Борьба за Рейн - Истон Биби. Страница 15
Гул двигателей мотоциклов вдалеке подгоняет меня, когда я просматриваю названия, напечатанные непонятным латинским языком на одинаковых белых пузырьках, стоящих рядами.
Чтоб их черти драли!
Я не могу прочесть ни одну. Никто никогда не водил меня к врачу, когда я был ребенком. Мне знакомы только те препараты, которые имеют ценность на улицах, и, конечно, их уже давно нет.

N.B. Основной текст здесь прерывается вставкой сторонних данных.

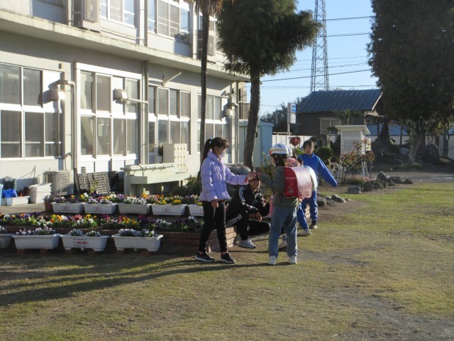11月19日(水) 人権集中学習 団別あいさつ運動【思いやりのある子】 公開日 2025/11/23 更新日 2025/11/23 できごと 団別あいさつ運動3日目はよいお天気でしたがとても寒い朝になりました。そんな中でも,気持ちのよいあいさつとあたたかいスマイルハイタッチで,元気に1日を始められています。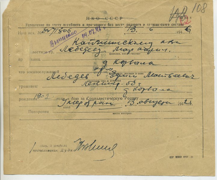 Файл: «Тихвин_Архив_РВК_Похоронки_Лебедев.Е.М_2»

Рейн знала бы, что искать.
Рейн.
Я расстегиваю внешнюю сумочку-карман на ее рюкзаке и читаю этикетку на таблетках, которые она стащила из дома Картера для меня: «Кефлекс (цефалексин) в капсулах, 250 мг».
Целу́ю этикетку и бросаю почти пустую бутылочку обратно в рюкзак. Рев двигателей становится громче, когда я просматриваю полки в поисках чего-либо, начинающегося на букву «К».
Забудь о лекарствах! Беги, придурок!
«Эпинефрин»… «Флуразепам»... Давай! Сейчас же!
«Глюкофаж»… «Гидралазин»…
Что ты делаешь? Как ты думаешь, этот мальчишка Квинт был бы сейчас здесь и искал бы для тебя лекарства? Беги, мать твою!
«Кеппра» – нет. Дерьмо. Слишком... «Кефлекс»!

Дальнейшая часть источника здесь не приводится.